DATA TYPES: Up to 8 different types of data can be obtained by setting the corresponding arguments to TRUE/FALSE. Each type of data will be retrieved and compiled into a distinct dataset contained in a separate data frame. 'get_ausplots' returns a list, which elements are the data frames for the requested types of data. The 8 types of data include:

* 'site_info': Site summary data. Includes (among others): plot and visit details, landform data, geographic coordinates, and notes. Included by default.
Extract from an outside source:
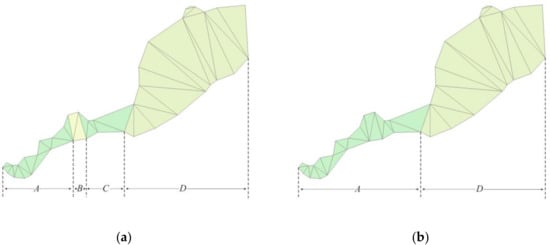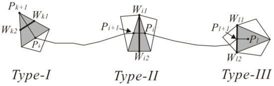 As shown in Figure 2, the width of a triangular element is defined as follows: the width of the Type-I triangle is the distance between the midpoints of the two Type-I sides, as shown by in Figure 2; the width of the Type-II triangle is the distance from the midpoint of the Type-I side to the corresponding vertex, as shown by in Figure 2; and the width of the Type-III triangle is the length of the intersected side of the skeleton line, as shown by in Figure 2.

Site summary data are stored in the 'site.info' data frame.
* 'structural_summaries': Site vegetation structural summaries. Site vegetation structural summary data are stored in the 'struct.summ' data frame.
* 'veg.vouchers': Complete set of species records for the plot determined by a herbarium plus ID numbers for silica-dried tissue samples. Included by default. Vegetation vouchers data are stored in the 'veg.vouch' data frame.
* 'veg.PI': Point Intercept (PI) data. Includes data on: substrate, plant species, growth form and height, etc at each of (typically) 1010 points per plot. Included by default. Vegetation point intercept data are stored in the 'veg.PI' data frame.
* 'basal.wedge': Basal Wedge Data Raw Hits. These data are required for the calculation of Basal Area by Species by Plot. Basal wedge data are stored in the 'veg.basal' data frame.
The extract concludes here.